Over the last few months, the Open Data Policy Lab (a collaboration between The GovLab and Microsoft) has conducted various research initiatives to explore these topics further and understand:
(1) how the concept of a data commons is changing in the context of artificial intelligence, and
(2) current efforts to advance the next generation of data commons.
In what follows we provide a summary of our findings thus far. We hope it inspires more data commons use cases for responsible AI innovation in the public’s interest.
A Patchwork
Each data commons represents a unique approach to solving critical issues through open data collaboration, For instance:
Empowering Communities with Language Data: Mozilla's Common Voice is revolutionizing AI-driven voice applications, focusing on underrepresented languages to ensure inclusivity. This initiative not only promotes linguistic diversity but also accelerates the adoption of AI technologies globally. Other efforts to advance multilingual AI technologies include data commons of written language phrases (the Lacuna Fund’s language data) and words (MLCommons Multilingual Spoken Words Dataset).
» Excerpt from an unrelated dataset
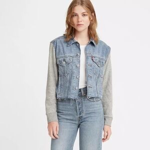Levi’s Ex Boyfriend Trucker Jean Jacket Women Large Sweater Sleeve Button front C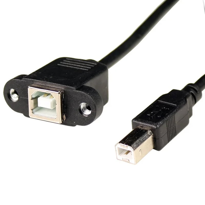 This cable serves as an extension for USB 2.0 connections, specifically between a female B socket (commonly found on printers) and a male B plug. With a length of 50cm, it allows flexibility in connecting devices and includes a panel mount for secure installation.

Advancing Health Research: Platforms like the All of Us Research Program, INSIGHT and Nightingale Open Science are leveraging biomedical data to propel precision medicine and improve healthcare. Their secure, tiered data access models ensure ethical data use while fostering innovation in the health domain. Also, existing data commons such as the National Cancer Institute’s (NCI) Cancer Research Data Commons are examining how to better prepare its data for AI biomedical research. Using crowdsourcing is helping to ensure the data is being made available while prioritizing community interests.
Transforming Mobility and Environment: Initiatives like Germany’s Mobilithek, MLCommons’ Cognata Dataset, Georgetown University's Environmental Impact Data Collaborative (EIDC), and OpenStreetMap harness mobility, environmental, and mapping data to drive sustainable solutions. These projects exemplify how data commons can enhance urban planning, geospatial analysis, automotive technologies, and environmental justice.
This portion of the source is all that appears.